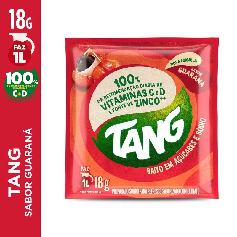 Chegou o novo Tang, com 100% da dose diária de vitamina C e D que o seu filho precisa e ainda é fonte de Zinco. A nova fórmula tem 18g e rende 1L, qualidade e praticidade que deixam o dia a dia mais delicioso. Prepare seu filho para mudar o mundo com Tang Guaraná.
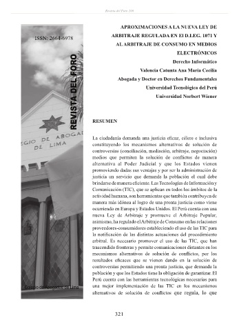 ISSN: 2664-6978 ARBITRAJE REGULADA EN El D.LEG. 1071 Y
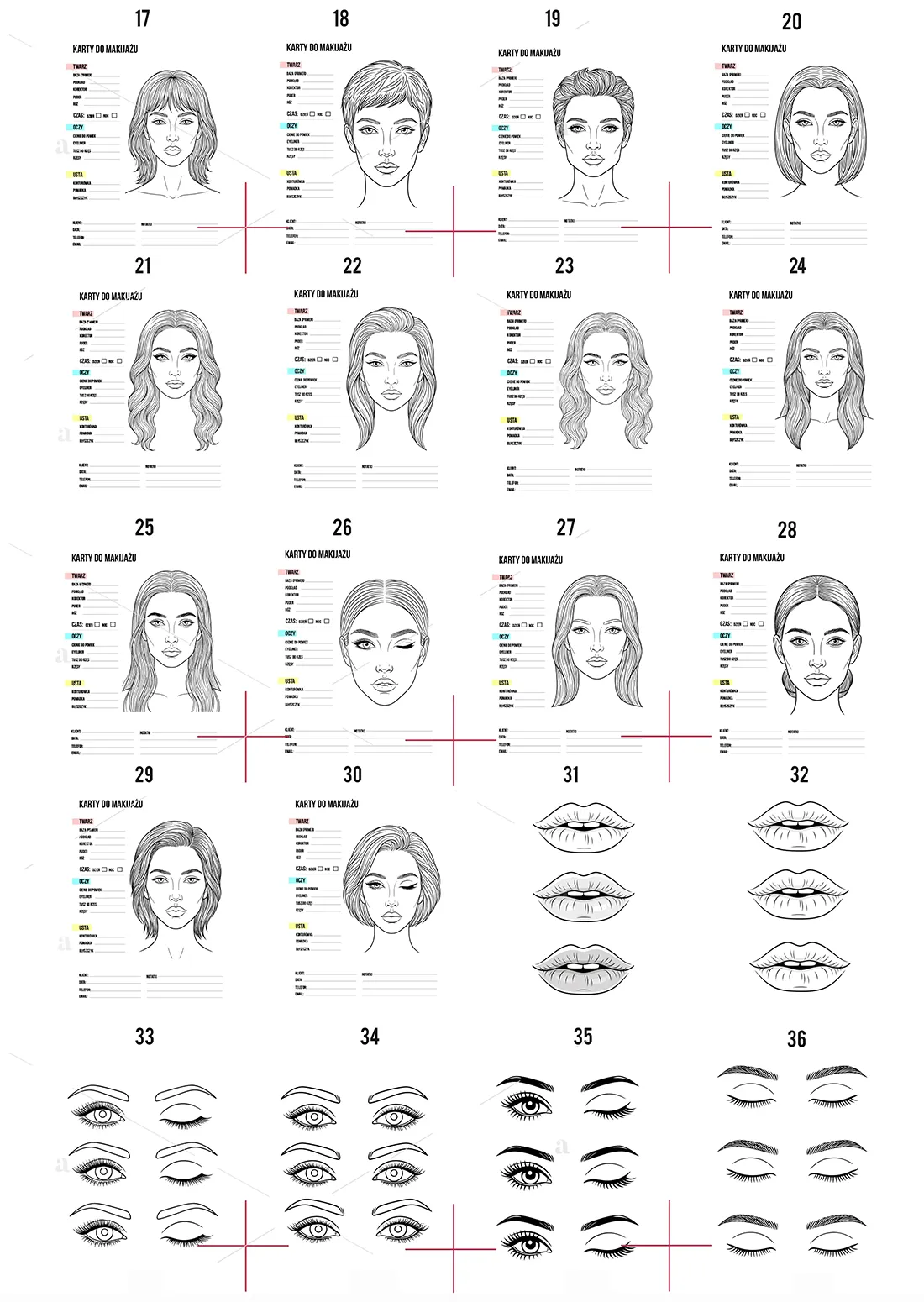 - Makeup Face Chart version – gotowe karty do projektowania pełnych makijaży, testowania stylów i tworzenia wizualizacji dla klientek.
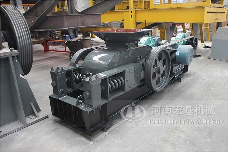 出料粒度的调节:两辊轮之间装有楔形或垫片调节装置,楔形装置的顶端装有调整螺栓,当调整螺栓将楔块向上拉起时,楔块将活动辊轮顶离固定轮,即两辊轮间隙变大,出料粒度变大,当楔块向下时,活动辊轮在压紧弹簧的作用下两轮间隙变小,出料粒度变小。垫片装置是通过增减垫片的数量或厚薄来调节出料粒度大小的,当增加垫片时两辊轮间隙变大,当减少垫片时两辊轮间隙变小,出料粒度变小。驱动机构是由两个电动机,通过三角皮带传动到槽轮上拖动辊轮,按照相对方向运动旋转。在破碎物料时,物料从进料口通过辊轮,经碾压而破碎,破碎后的成品从底架下面排出。
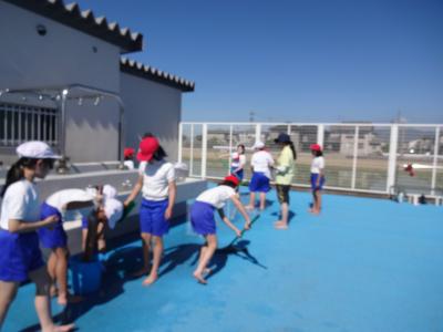 6日(金)5,6年生がプール掃除を行いました。前日は4年生がプール周りを、今日は5,6年生がプールの中を
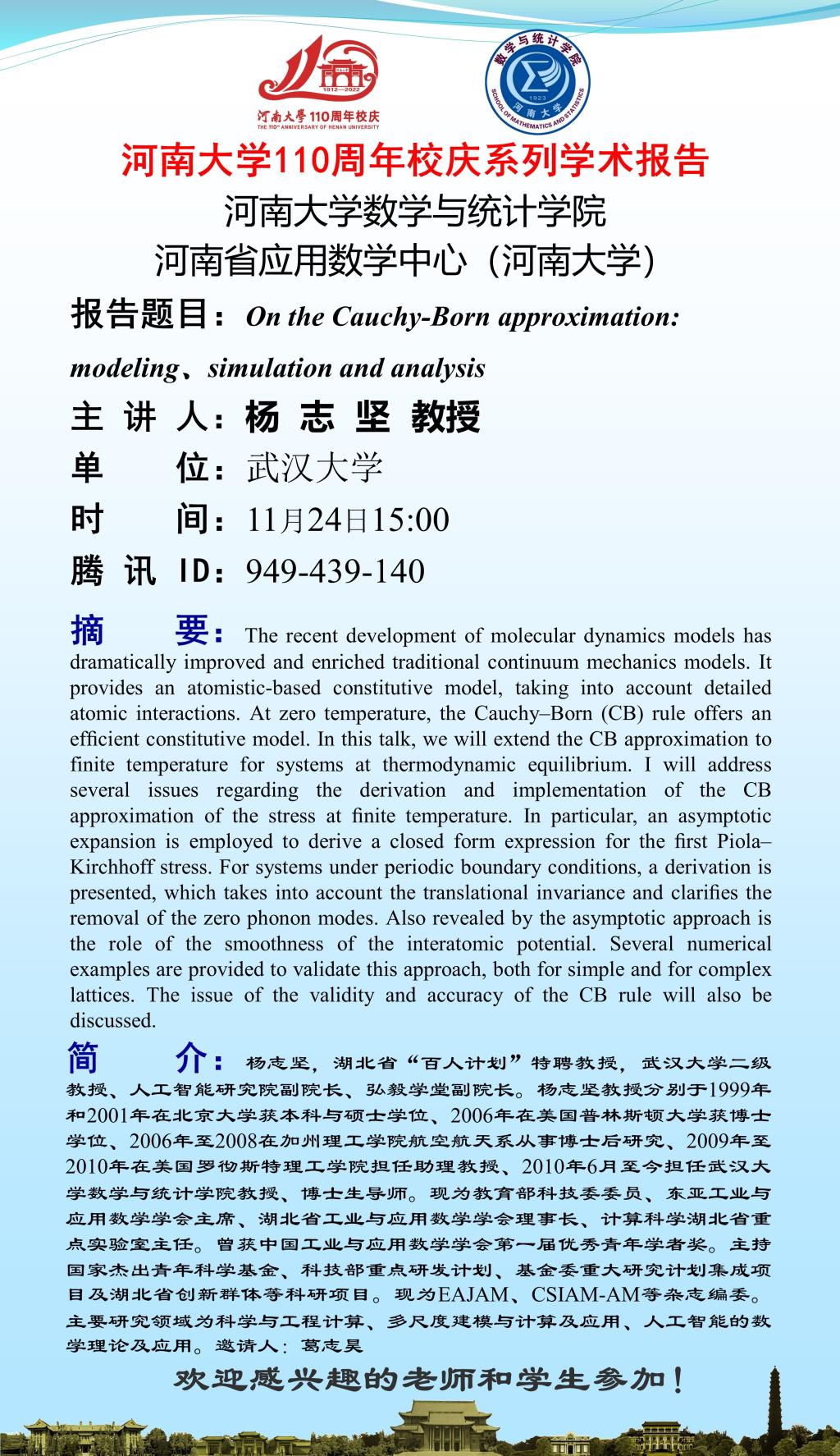 杨志坚:On the Cauchy-Born approximation: modeling、simulation and analysis(时间:11.24)
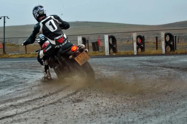 Neumáticos de carretera, suspensiones de serie, pista encharcada y un tiempo propio de las islas británicas, el día perfecto para ver a Foggy de nuevo sobre una moto.
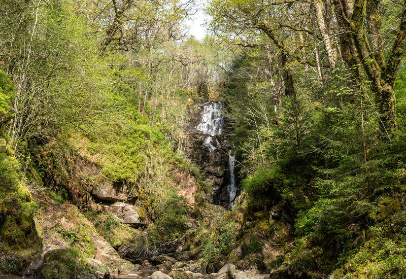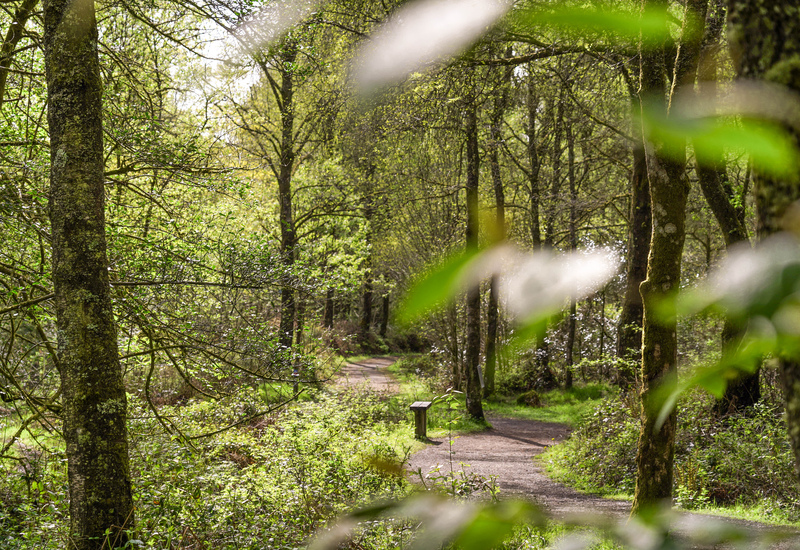Oakwood trails that pass a lochside pebbly beach
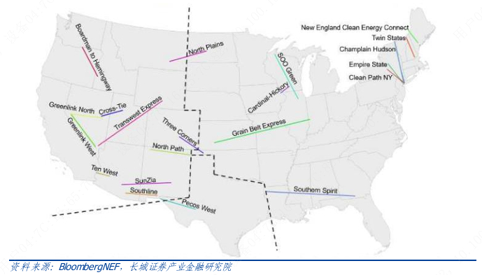 从长远看,由于美国的当前及未来的负荷中心主要在东部各州(除加州),而风电光伏资源富集的区域位于中部及南部,资源与负荷地理上的不匹配使得电网建设的要求十分巨大,这与我国的情况较为类似。据NERL预测,至2035年电力系统碳中和年,美国至少要增加2000英里至10000英里的高压输电线路。
....................
Exercise details:
Images do not belong in the copy; reproduce all other parts of the records above verbatim.

Final answer:
 Chegou o novo Tang, com 100% da dose diária de vitamina C e D que o seu filho precisa e ainda é fonte de Zinco. A nova fórmula tem 18g e rende 1L, qualidade e praticidade que deixam o dia a dia mais delicioso. Prepare seu filho para mudar o mundo com Tang Guaraná.
 ISSN: 2664-6978 ARBITRAJE REGULADA EN El D.LEG. 1071 Y
 - Makeup Face Chart version – gotowe karty do projektowania pełnych makijaży, testowania stylów i tworzenia wizualizacji dla klientek.
 出料粒度的调节:两辊轮之间装有楔形或垫片调节装置,楔形装置的顶端装有调整螺栓,当调整螺栓将楔块向上拉起时,楔块将活动辊轮顶离固定轮,即两辊轮间隙变大,出料粒度变大,当楔块向下时,活动辊轮在压紧弹簧的作用下两轮间隙变小,出料粒度变小。垫片装置是通过增减垫片的数量或厚薄来调节出料粒度大小的,当增加垫片时两辊轮间隙变大,当减少垫片时两辊轮间隙变小,出料粒度变小。驱动机构是由两个电动机,通过三角皮带传动到槽轮上拖动辊轮,按照相对方向运动旋转。在破碎物料时,物料从进料口通过辊轮,经碾压而破碎,破碎后的成品从底架下面排出。
 6日(金)5,6年生がプール掃除を行いました。前日は4年生がプール周りを、今日は5,6年生がプールの中を
 杨志坚:On the Cauchy-Born approximation: modeling、simulation and analysis(时间:11.24)
 Neumáticos de carretera, suspensiones de serie, pista encharcada y un tiempo propio de las islas británicas, el día perfecto para ver a Foggy de nuevo sobre una moto.
Oakwood trails that pass a lochside pebbly beach
 从长远看,由于美国的当前及未来的负荷中心主要在东部各州(除加州),而风电光伏资源富集的区域位于中部及南部,资源与负荷地理上的不匹配使得电网建设的要求十分巨大,这与我国的情况较为类似。据NERL预测,至2035年电力系统碳中和年,美国至少要增加2000英里至10000英里的高压输电线路。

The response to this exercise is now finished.